GCEffective Ways to Eliminate Side-Lobe Effects*
Search and Discovery Article #41273 (2014)
Posted February 17, 2014
*Adapted from the Geophysical Corner column, prepared by the author, in AAPG Explorer, February, 2014.
Editor of Geophysical Corner is Satinder Chopra ([email protected]). Managing Editor of AAPG Explorer is Vern Stefanic.
1Geomodeling Technology Corp., Calgary, Alberta ([email protected])
It is no secret that geologists do not fully trust all the events shown in pretty seismic pictures. Even deeper concerns may arise when the images are composed from algorithmic manipulation and transformation of seismic signals, such as seismic attributes – especially spectral decomposition.
In my prior article I reviewed how spectral decomposition is used in seismic interpretation, and pointed out that even though this technique has become a popular interpretation tool in the industry, it does have some issues – including a significant problem called the side-lobe effect. In spectral decomposition, when there is one event (the main lobe) that corresponds to a particular geological feature – like the top or bottom of a formation – there often are several relatively smaller adjacent events, called side-lobes. These are closely related to the main lobe, but have nothing to do with sub-surface geology. For example, many of the strong events shown in warm colors in Figure 1 are self-related and do not correspond to actual geology. The risk of interpreting spectral decomposition results with strong side-lobe effects without good well control is obvious and sometimes very large.

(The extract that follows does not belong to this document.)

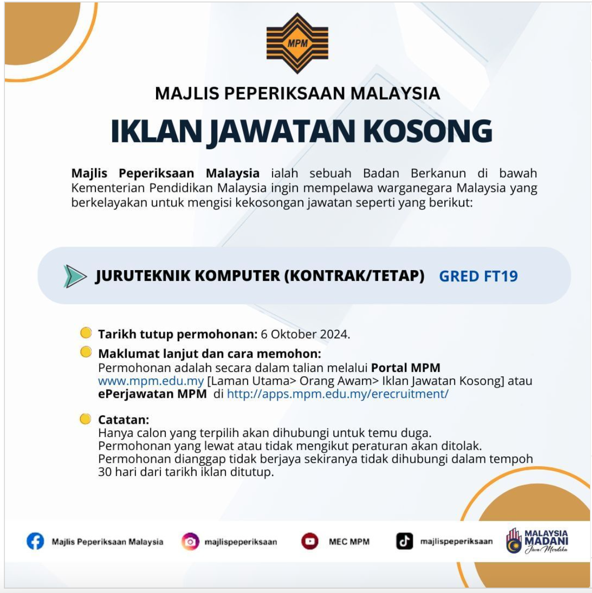 Iklan Kini Jawatan Kosong Majlis Peperiksaan Malaysia (MPM) Like serta Ikut Facebook Kami, follow Chanel WhatsApp Jawatan Kosong & Telegram Portal SPA9 untuk capaian pantas kekosongan jawatan daripada kami sekarang.
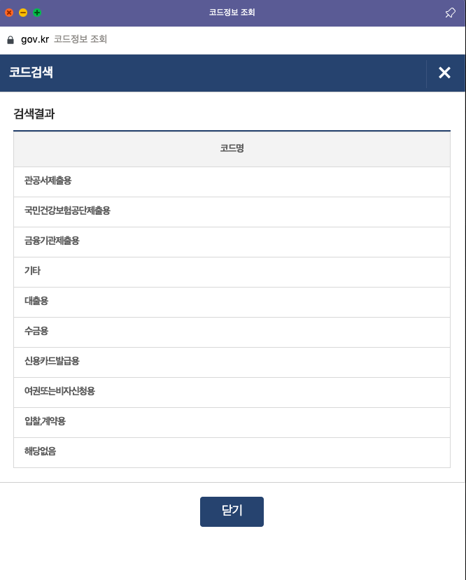 '용도' 메뉴 란에서는 필자가 별도로 기입을 하는 것이 아닌 선택을 해주면 된다. 바로 옆에 있는 '검색' 버튼을 클릭해보자. 그럼 대략 7-8가지 정도의 용도가 등장한다. 관공서 제출용이나, 대출, 건강보험 쪽에 제출하려고 한다면 해당 용도에 맞게 발급을 해주는 듯하다. 필자의 경우 별도의 해당되는 항목이 없기에 제일 하단의 '해당 없음' 버튼을 클릭했으나, 여러분들의 경우 위의 항목과 일치하는 항목이 있다면 해당 용도대로 클릭하여 진행하기 바란다.

The side-lobe effect in spectral decomposition results from the use of a mathematical function with closed form expressions – such as a mathematical wavelet, a sine/cosine and a Gaussian function, for example – as the basic elements in the algorithm used to compute results. These basic elements are squeezed and stretched analytically and then convolved with the seismic trace to calculate spectral decomposition at different frequencies. Unfortunately, these mathematical expression-based elements rarely resemble the actual seismic data. The Morlet wavelet – the basic element used in continuous wavelet transform (CWT) spectral decomposition – probably is the closest among many other functions to resemble a real seismic wavelet, but is still far from matching real data.
Here, we have proposed a new spectral decomposition method that is similar to CWT; however, instead of using a wavelet derived from a mathematical expression, an actual wavelet extracted from the seismic data is used (an example is shown on the top right of Figure 1). Since the real wavelet does not have a simple mathematical expression, we may not be able to transform back from the spectral decomposition. This, however, is regarded as a limited deficiency, since inversion to the original data may not be required in many or most cases.
The direct benefit, comparing to CWT and other methods, is that there are fewer side-lobe effects and therefore less ambiguity. The proposed method uses an algorithm similar to CWT, wherein the seismic data is convolved with groups of dilated, squeezed and stretched seismic wavelets. If the closed form expression of a wavelet is known, squeezing and stretching can be easily done – but doing this with a discrete seismic wavelet is challenging and special care is required.
Figure 2 shows the spectral decomposition results calculated by CWT and the new method at the same frequency (72 Hz) on a cross line in Blackfoot (Canada) P-wave seismic data. From shallow to deep, there are roughly three groups of events (corresponding to warm colours) where the reservoir is located in the middle group.
Comparing the results in Figure 2, it is clear that the new method displays a clear advantage over the CWT method. Fewer side-lobe effects are observed, especially in the first and the third event groups, where some individual events hardly can be distinguished in the results from CWT. In the map view, the results (right) from the new method show the north-south incised valley more clearly. There are the upper channel and the lower channel located in the valley, and they are partially sand-filled and partially shale-filled. Due to this, the sand and shale deposits within the channels in this data set cannot be fully distinguished solely by spectral decomposition results. Some wells penetrate the channels; some do not and are the regional wells as reference. The CWT method shows high amplitudes within the channel, which could be misleading.
Spectral decomposition is a powerful interpretation tool, and each method has its advantages and disadvantages. The new method introduced here tries to reduce the side-lobe effects that come with the other methods.
The severity of these effects varies across geologic regimes, data sets and frequencies. This new method provides a very attractive option when spectral decomposition side-lobe effects appear to be masking key geologic features.
I would like to thank John Sherman for his help in this article. I also would like to thank Geomodeling Technology Corp. for its support.